## Task requirements
Using the material below, return exactly the lines between the one holding "A Tarbes Eglo" and the one holding "Ошейник для собак", inclusive, and no others.

## Data for processing
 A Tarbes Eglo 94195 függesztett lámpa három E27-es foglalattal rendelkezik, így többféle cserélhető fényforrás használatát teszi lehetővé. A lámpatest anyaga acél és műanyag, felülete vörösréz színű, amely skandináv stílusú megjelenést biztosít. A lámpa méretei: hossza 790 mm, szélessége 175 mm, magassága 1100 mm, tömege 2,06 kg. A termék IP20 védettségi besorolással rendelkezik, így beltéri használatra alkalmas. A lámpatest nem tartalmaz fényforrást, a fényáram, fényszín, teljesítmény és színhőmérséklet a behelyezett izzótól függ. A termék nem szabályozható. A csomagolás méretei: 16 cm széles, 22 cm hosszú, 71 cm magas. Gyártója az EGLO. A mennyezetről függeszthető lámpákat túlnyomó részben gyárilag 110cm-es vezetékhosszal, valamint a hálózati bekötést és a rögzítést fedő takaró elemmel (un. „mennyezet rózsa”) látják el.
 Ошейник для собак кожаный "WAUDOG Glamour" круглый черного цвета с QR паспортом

--

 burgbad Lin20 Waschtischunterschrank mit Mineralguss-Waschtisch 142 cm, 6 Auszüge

## Answer section
 A Tarbes Eglo 94195 függesztett lámpa három E27-es foglalattal rendelkezik, így többféle cserélhető fényforrás használatát teszi lehetővé. A lámpatest anyaga acél és műanyag, felülete vörösréz színű, amely skandináv stílusú megjelenést biztosít. A lámpa méretei: hossza 790 mm, szélessége 175 mm, magassága 1100 mm, tömege 2,06 kg. A termék IP20 védettségi besorolással rendelkezik, így beltéri használatra alkalmas. A lámpatest nem tartalmaz fényforrást, a fényáram, fényszín, teljesítmény és színhőmérséklet a behelyezett izzótól függ. A termék nem szabályozható. A csomagolás méretei: 16 cm széles, 22 cm hosszú, 71 cm magas. Gyártója az EGLO. A mennyezetről függeszthető lámpákat túlnyomó részben gyárilag 110cm-es vezetékhosszal, valamint a hálózati bekötést és a rögzítést fedő takaró elemmel (un. „mennyezet rózsa”) látják el.
 Ошейник для собак кожаный "WAUDOG Glamour" круглый черного цвета с QR паспортом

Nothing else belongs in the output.